BAC 2021-01961
Publicatiedatum 01-11-2023
Advies van de Bezwaarschriftenadviescommissie hersteloperatie toeslagen
Aan: Belastingdienst/Uitvoeringsorganisatie Herstel Toeslagen (hierna: UHT)
Betreft: het bezwaarschrift van [belanghebbende]

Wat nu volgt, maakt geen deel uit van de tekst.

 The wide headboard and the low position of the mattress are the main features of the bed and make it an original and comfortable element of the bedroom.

Primair besluit: 15 juni 2021 met kenmerk UHT-DC I
Ontvangst bezwaarschrift: 26 juli 2021
Hoorzitting: 30 november 2022
Overdracht advies aan UHT: 24 februari 2023
Samenvatting
De Bezwaarschriftenadviescommissie (hierna: de Commissie) adviseert UHT om het bezwaarschrift deels gegrond te verklaren. De Commissie adviseert UHT om per CAF(-vergelijkbaar) en individueel onderzoek een vergoeding voor immateriële schade toe te kennen tot de datum van de beslissing op bezwaar; de rentevergoeding voor gemiste kinderopvangtoeslag te berekenen tot de datum van de beslissing op bezwaar; de aanvullende vergoeding van 1% van het subtotaal van het compensatiebedrag aan te passen, alsmede de proceskosten te vergoeden.
Onderwerp van advies
Het door (hierna: gemachtigde), namens (hierna: belanghebbende) ingediende bezwaarschrift is gericht tegen de door UHT genomen Definitieve beschikking compensatie kinderopvangtoeslag (hierna: kot) van 15 juni 2021 (UHT-DC I).

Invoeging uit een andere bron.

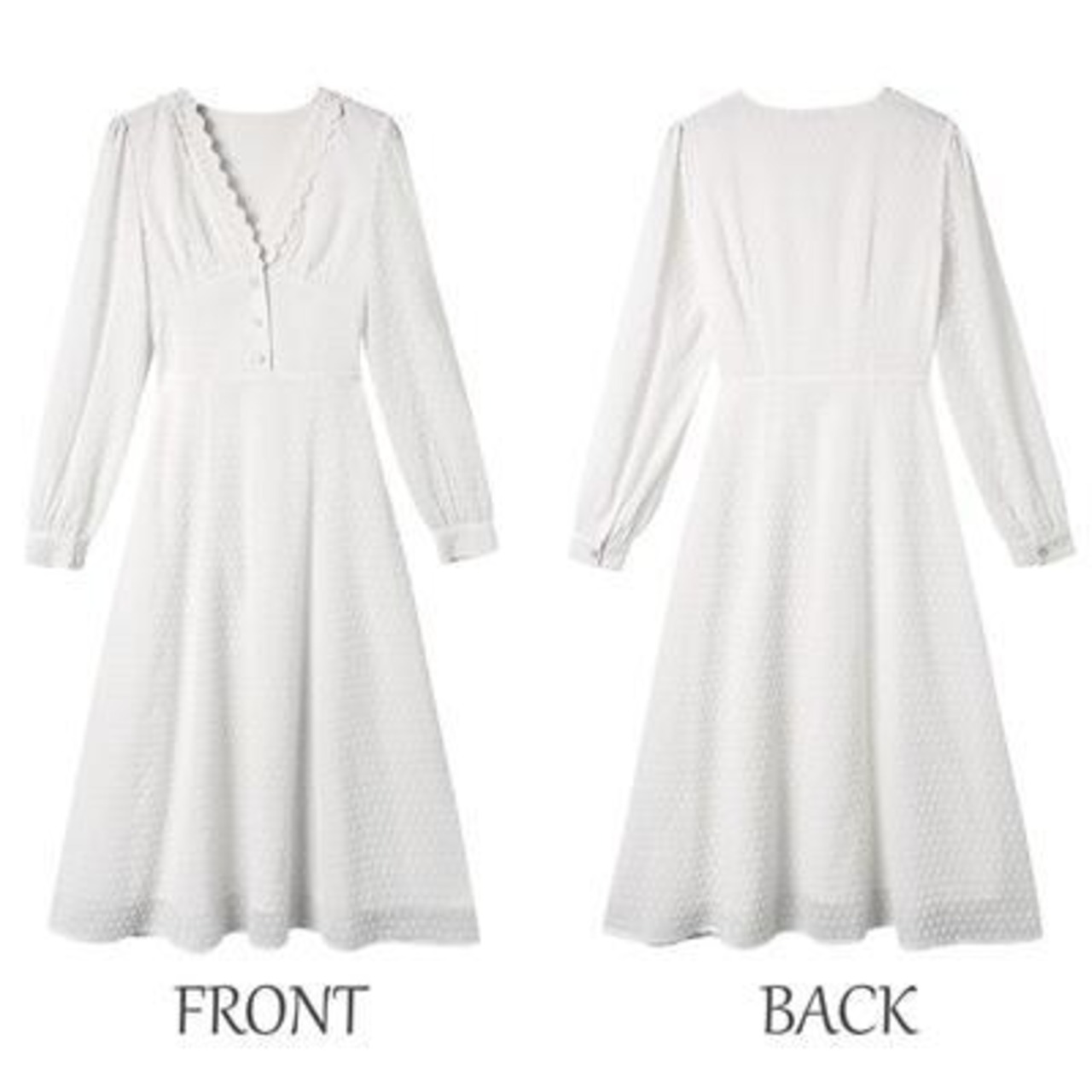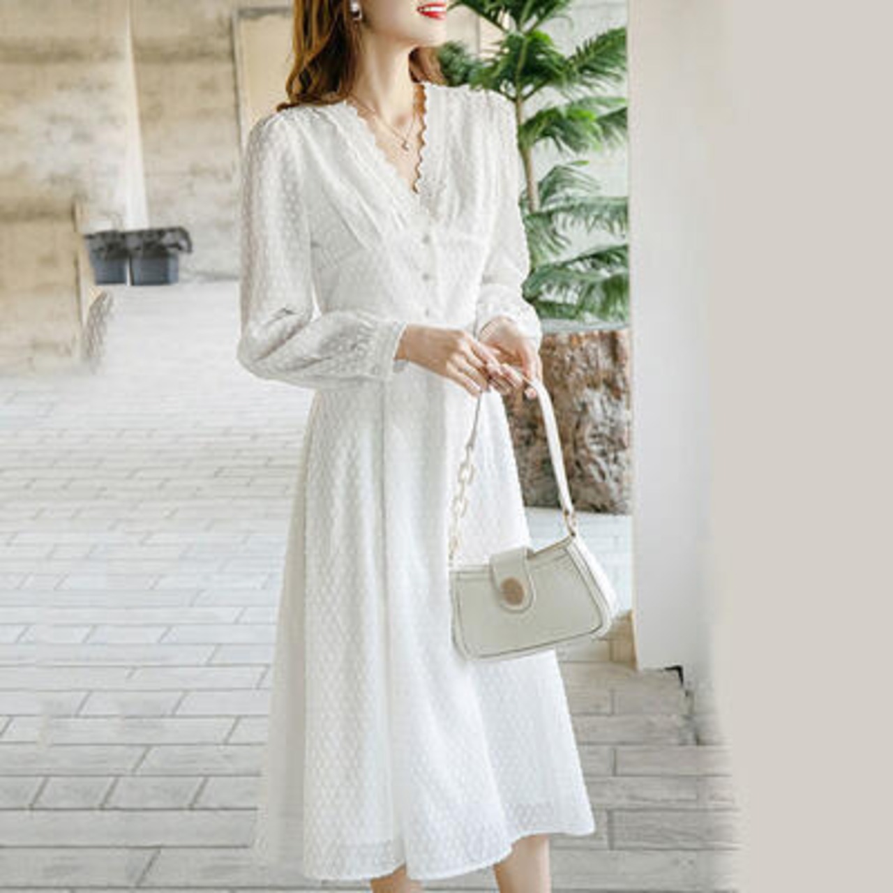ワンピース 春 きれいめ 袖あり カジュアル おしゃれ レディース ミモレ丈 ワンピ ドレス ドット Vネック レース 透け感 長袖 可愛い エレガント ハイウエスト Aライン 春夏 春秋 お出かけ 女子会 ホワイト 白 20代 30代 40代 50代

Met toepassing van de Compensatieregeling CAF 11 van 28 augustus 2020 (Stcrt. 2020, nr. 45904; hierna: Compensatieregeling) is aan belanghebbende voor de toeslagjaren 2005, 2007 en 2008 een compensatie toegekend omdat er bij de beoordeling van haar situatie over die toeslagjaren fouten zijn gemaakt.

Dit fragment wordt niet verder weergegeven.